### EXERCISE INSTRUCTIONS
The line that contains "Experience serene comfort" marks the start. Please set it down, with every later line of the data, exactly and without pictures.

[[ COLLECTED MATERIAL open ]]

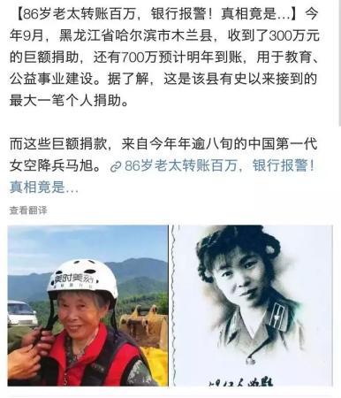 而这些巨额捐款,来自今年年逾八旬的中国第一代女空降兵马旭。
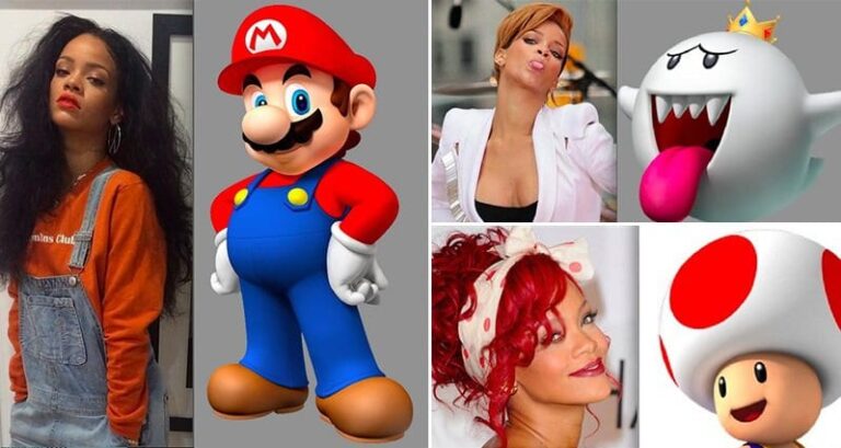 Ranzok on Reddit and his girlfriend are heavily into video gaming and it seems like Rihanna might be too. You see, Ranzok's girlfriend noticed that the singer's crazy outfits often seem to have a theme… Mario Party characters! We love the Princess Peach comparison! Check out the photos below and see if you agree.
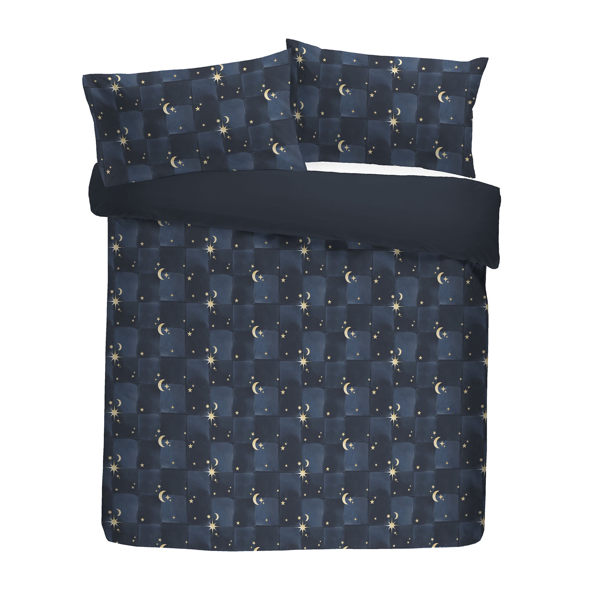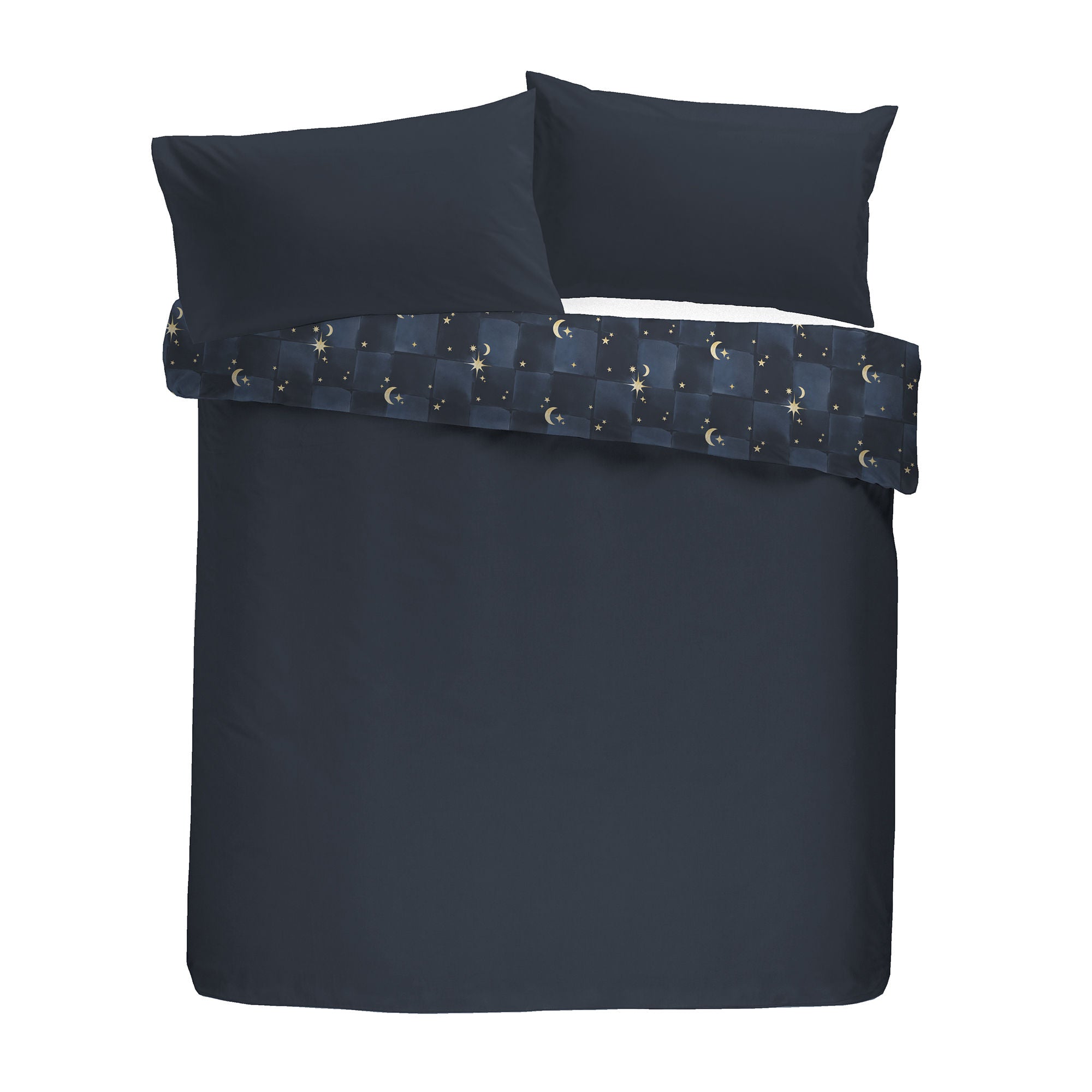 Experience serene comfort with the Fusion Cosmic Star Duvet Cover Set. Crafted from soft, warm fleece featuring a celestial moon and star design, it offers a sumptuous sleeping environment. The reverse side, lined with plain sherpa, adds extra cosiness, making your bed a luxurious retreat for restful nights.
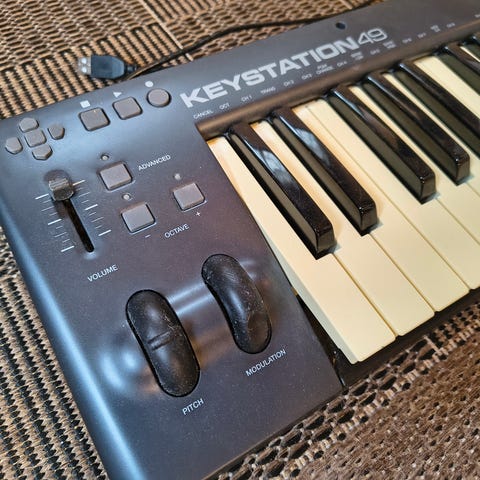 M-Audio Keystation 49 MK3 MIDI-koskettimisto, jossa on 49 täysikokoista kosketinta. Väri on musta valkoisin koskettimin. Sopii MIDI-ohjaukseen tietokoneen tai muun yhteensopivan laitteen kanssa. Laitteessa on ohjauspainikkeita ja säätimiä esimerkiksi oktaavansiirtoon ja kuljetuksen ohjaukseen. Mukana alkuperäinen pakkaus kuvan mukaisesti.

[[ COLLECTED MATERIAL closed ]]

### RESPONSE TO THIS TASK
 Experience serene comfort with the Fusion Cosmic Star Duvet Cover Set. Crafted from soft, warm fleece featuring a celestial moon and star design, it offers a sumptuous sleeping environment. The reverse side, lined with plain sherpa, adds extra cosiness, making your bed a luxurious retreat for restful nights.
 M-Audio Keystation 49 MK3 MIDI-koskettimisto, jossa on 49 täysikokoista kosketinta. Väri on musta valkoisin koskettimin. Sopii MIDI-ohjaukseen tietokoneen tai muun yhteensopivan laitteen kanssa. Laitteessa on ohjauspainikkeita ja säätimiä esimerkiksi oktaavansiirtoon ja kuljetuksen ohjaukseen. Mukana alkuperäinen pakkaus kuvan mukaisesti.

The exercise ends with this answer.